Targeted supplements: - Berberine (500mg 2-3x daily): Lowers blood sugar and improves insulin sensitivity. Yin and colleagues published a meta-analysis in Metabolism (2008) showing effects comparable to metformin. - Chromium picolinate (200-400 mcg daily): Enhances insulin signaling at the receptor level. - Alpha-lipoic acid (300-600 mg daily): Improves insulin sensitivity and reduces oxidative stress. - Magnesium glycinate (400-500 mg daily): Required for insulin signaling. Deficiency, common in 50% of Americans, directly worsens insulin resistance. - Omega-3 fatty acids (2-3g EPA/DHA daily): Reduces inflammation that drives insulin resistance.
Insulin resistance is not subtle. It's not mysterious.
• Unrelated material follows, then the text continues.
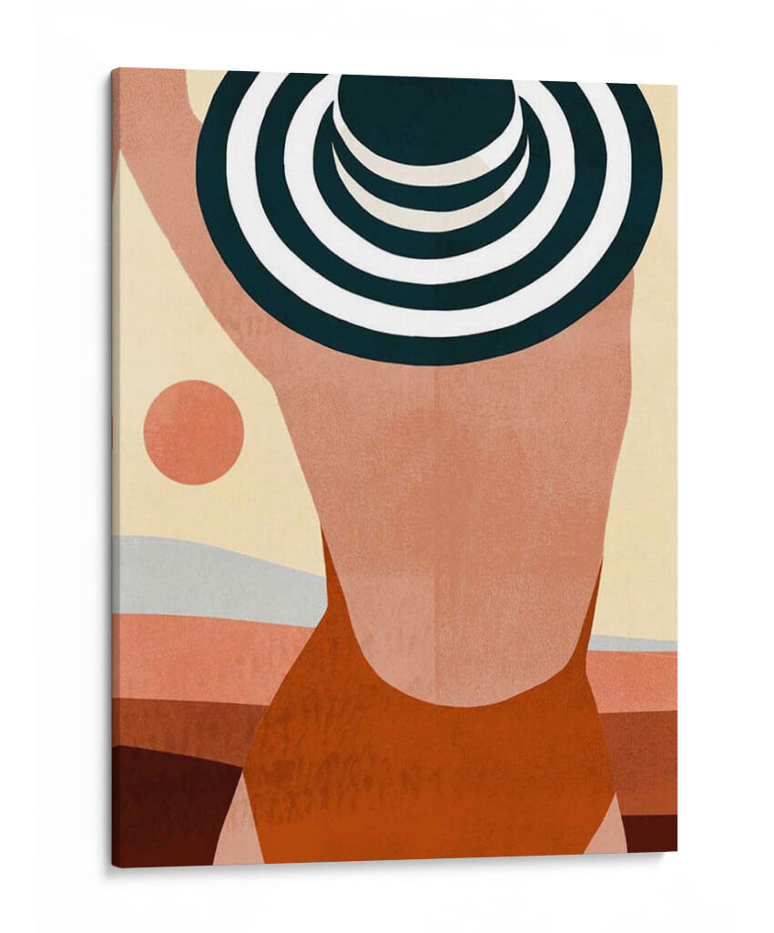 Sumérgete en la calidez y el estilo de "Bañadores de Sunseeker II", una cautivadora obra de arte de Victoria Borges. Esta pieza evoca la esencia de un día soleado en la playa con su vibrante paleta de colores terrosos y un toque de azul profundo en el icónico sombrero. La composición minimalista, centrada en la figura de una mujer de espaldas luciendo un sombrero de rayas audaz, crea una atmósfera de serenidad y elegancia veraniega. Los tonos cálidos, que van desde el naranja quemado hasta ocres suaves, se mezclan con sutiles capas de color que sugieren un paisaje desértico o una costa al atardecer. El sol circular, un punto focal adicional, añade un toque de calidez y vitalidad. Este cuadro decorativo es perfecto para añadir un aire vacacional y sofisticado a cualquier espacio, desde una sala de estar moderna hasta un dormitorio que busque un refugio de tranquilidad. "Bañadores de Sunseeker II" no es solo una imagen, es una invitación a relajarse y disfrutar de la belleza del verano. Ideal para quienes buscan arte contemporáneo que combine diseño audaz con una sensación de calma y evasión. Añade un toque de estilo único a tu hogar u oficina con esta pieza inspiradora de Victoria Borges.

It's measurable, identifiable, and reversible. Your fasting glucose may be "normal." But if your fasting insulin is high, you're on a path toward diabetes, cardiovascular disease, fatty liver, and accelerated aging. Catch it early. Test fasting insulin. Calculate HOMA-IR. Check your triglyceride/HDL ratio. These are cheap, widely available tests that most doctors simply don't order. If you have insulin resistance, you have a choice: intervene now with diet and lifestyle, or wait 10 years and manage diabetes with medication. Reduce carbs. Lift weights. Sleep 7-9 hours. Manage stress. Your cells will become sensitive to insulin again. The metabolic machinery isn't broken. It's overwhelmed. This is the most important metabolic marker you can optimize. Energy, weight, inflammation, hormones, longevity: everything downstream depends on insulin.